Segment Start: Records for the exercise
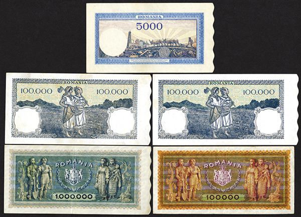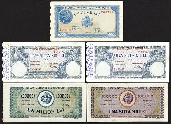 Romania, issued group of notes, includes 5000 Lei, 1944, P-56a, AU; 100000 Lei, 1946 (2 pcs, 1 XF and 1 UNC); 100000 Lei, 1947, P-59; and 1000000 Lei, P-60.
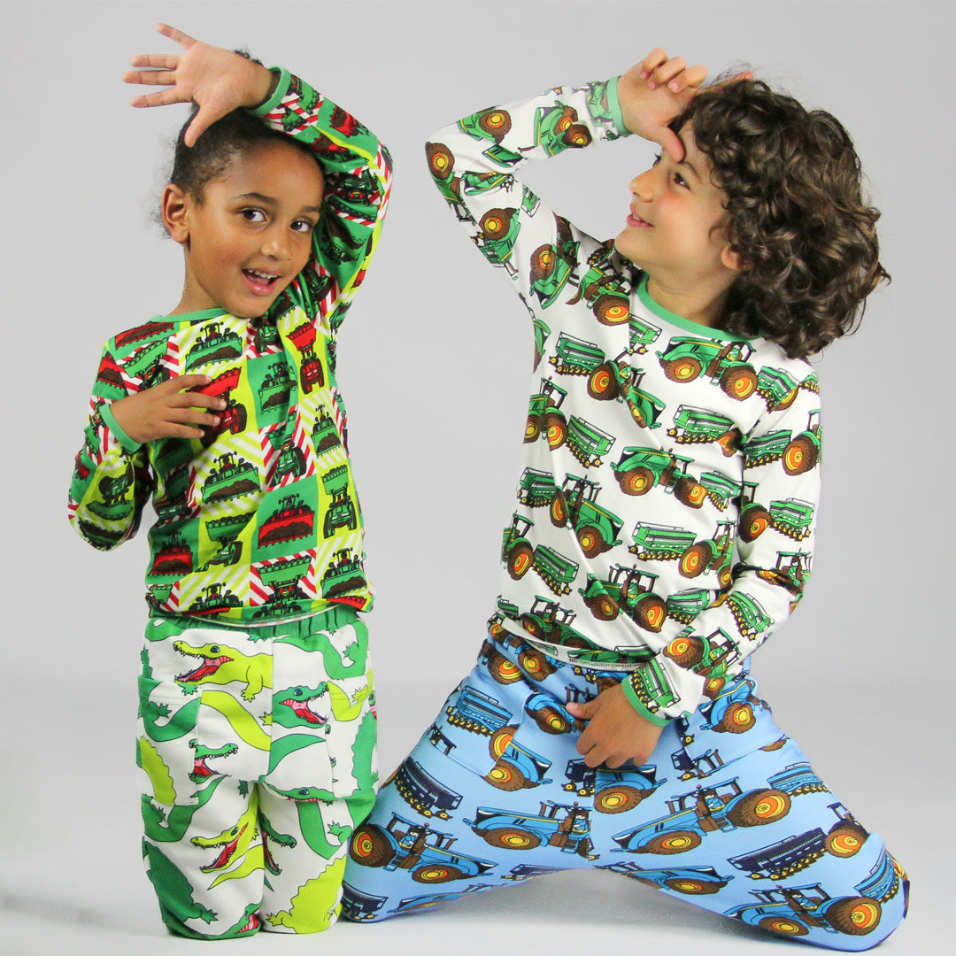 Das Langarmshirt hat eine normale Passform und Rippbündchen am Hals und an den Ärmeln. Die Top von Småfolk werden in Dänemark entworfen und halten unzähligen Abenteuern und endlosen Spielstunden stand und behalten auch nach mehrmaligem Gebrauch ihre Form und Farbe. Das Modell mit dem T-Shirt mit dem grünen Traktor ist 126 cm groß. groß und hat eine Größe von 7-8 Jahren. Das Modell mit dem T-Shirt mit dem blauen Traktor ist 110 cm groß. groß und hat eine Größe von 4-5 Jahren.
Segment End: Records for the exercise
Segment Start: Records for the exercise
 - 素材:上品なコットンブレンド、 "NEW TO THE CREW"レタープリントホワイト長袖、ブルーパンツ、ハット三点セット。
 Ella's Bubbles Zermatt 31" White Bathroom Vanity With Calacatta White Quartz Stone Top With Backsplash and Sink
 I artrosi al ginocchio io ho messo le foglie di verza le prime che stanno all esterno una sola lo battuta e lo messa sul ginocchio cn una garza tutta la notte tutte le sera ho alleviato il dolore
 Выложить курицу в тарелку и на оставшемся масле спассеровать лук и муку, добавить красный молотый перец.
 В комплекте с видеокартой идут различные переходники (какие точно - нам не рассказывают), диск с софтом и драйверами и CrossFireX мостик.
Segment End: Records for the exercise
Segment Start: Records for the exercise
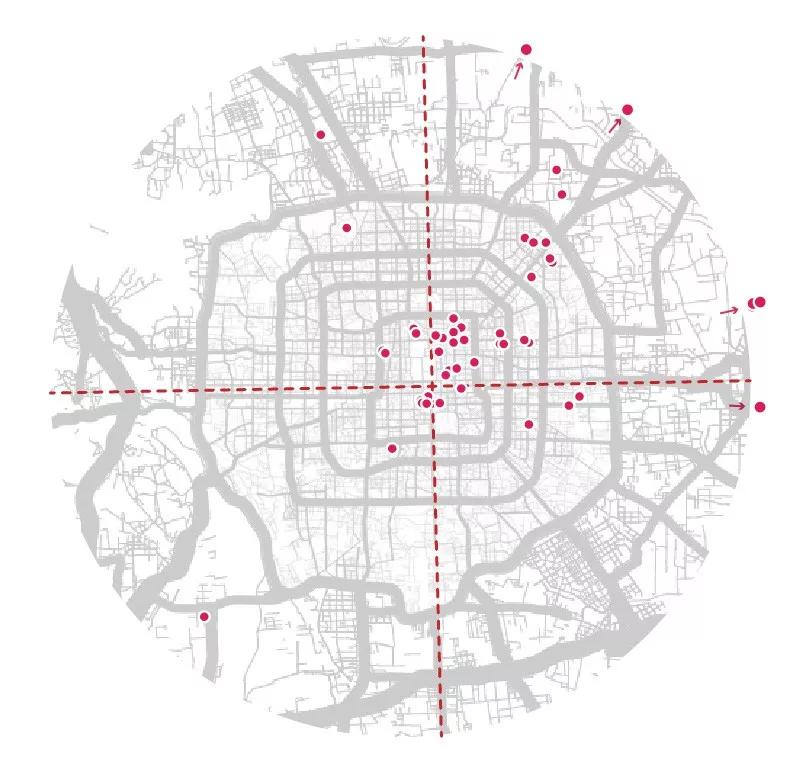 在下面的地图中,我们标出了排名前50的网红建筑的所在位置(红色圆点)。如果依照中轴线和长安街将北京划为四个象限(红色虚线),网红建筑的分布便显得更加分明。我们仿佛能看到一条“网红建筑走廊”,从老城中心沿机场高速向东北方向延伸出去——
Segment End: Records for the exercise
What the task requires:
In the listing above, find the line with "Ella's Bubbles Zermatt" and the line with "В комплекте с", then print exactly those two lines and every line between them, and nothing more.

Exercise result:
 Ella's Bubbles Zermatt 31" White Bathroom Vanity With Calacatta White Quartz Stone Top With Backsplash and Sink
 I artrosi al ginocchio io ho messo le foglie di verza le prime che stanno all esterno una sola lo battuta e lo messa sul ginocchio cn una garza tutta la notte tutte le sera ho alleviato il dolore
 Выложить курицу в тарелку и на оставшемся масле спассеровать лук и муку, добавить красный молотый перец.
 В комплекте с видеокартой идут различные переходники (какие точно - нам не рассказывают), диск с софтом и драйверами и CrossFireX мостик.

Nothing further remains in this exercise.